System 800 may further be used as part of a cloud-based service(s) 870. For example, the previously mentioned devices, and/or other devices, may access computing resources in the cloud (i.e., remotely located hardware and/or software resources). Still further, system 800 may be utilized in one or more devices of a home 880 other than those previously mentioned. For example, appliances within the home 880 may monitor and detect conditions that warrant attention. For example, various devices within the home 880 (e.g., a refrigerator, a cooling system, etc.) may monitor the status of the device and provide an alert to the homeowner (or, for example, a repair facility) should a particular event be detected. Alternatively, a thermostat may monitor the temperature in the home 880 and may automate adjustments to a heating/cooling system based on a history of responses to various conditions by the homeowner. Also illustrated in FIG. 8 is the application of system 800 to various modes of transportation 890. For example, system 800 may be used in the control and/or entertainment systems of aircraft, trains, buses, cars for hire, private automobiles, waterborne vessels from private boats to cruise liners, scooters (for rent or owned), and so on. In various cases, system 800 may be used to provide automated guidance (e.g., self-driving vehicles), general systems control, and otherwise. These and many other embodiments are possible and are contemplated. It is noted that the devices and applications illustrated in FIG. 8 are illustrative only and are not intended to be limiting. Other devices are possible and are contemplated.

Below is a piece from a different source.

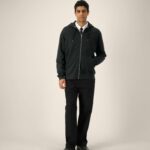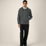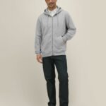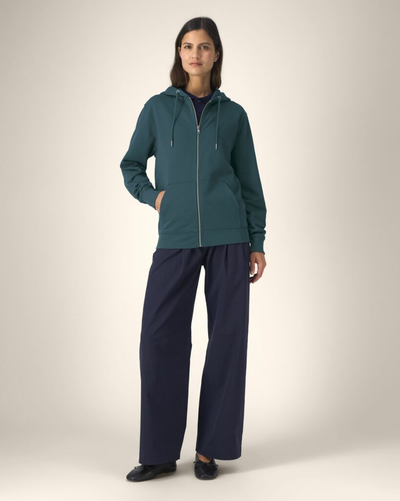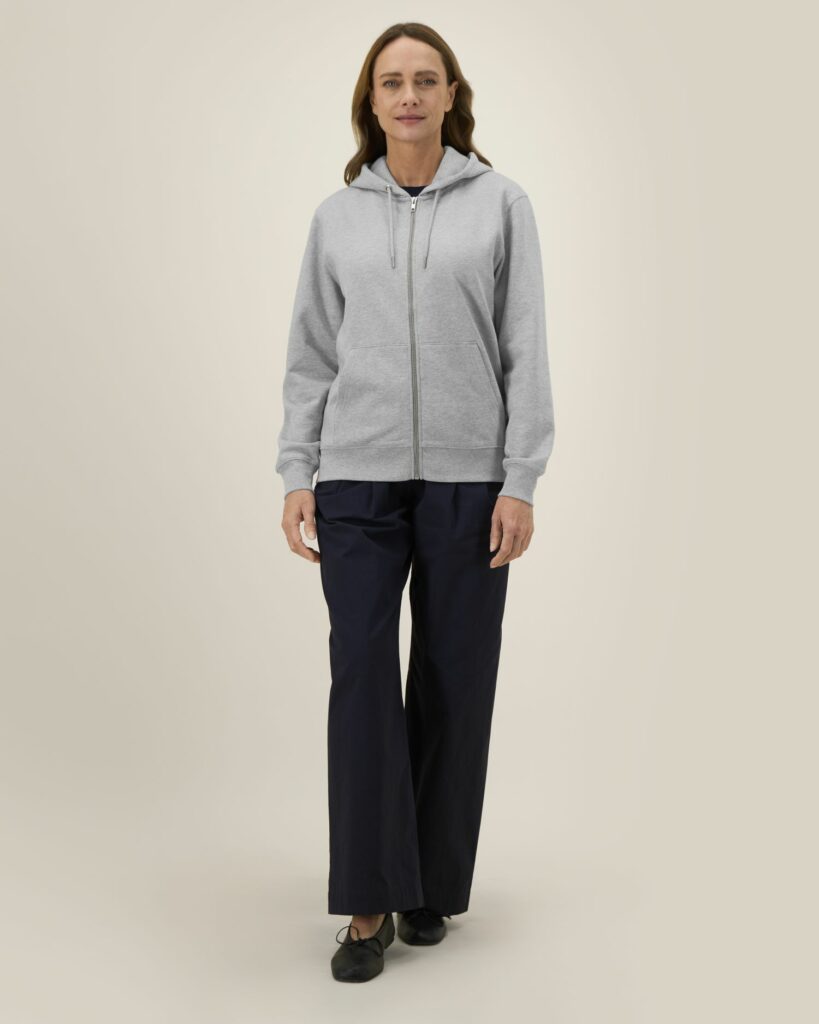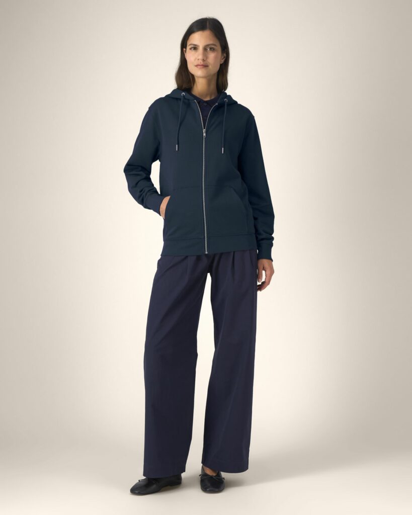 1×1 rib at sleeve cuffs and hem

The present disclosure includes references to “an “embodiment” or groups of “embodiments” (e.g., “some embodiments” or “various embodiments”). Embodiments are different implementations or instances of the disclosed concepts. References to “an embodiment,” “one embodiment,” “a particular embodiment,” and the like do not necessarily refer to the same embodiment. A large number of possible embodiments are contemplated, including those specifically disclosed, as well as modifications or alternatives that fall within the spirit or scope of the disclosure.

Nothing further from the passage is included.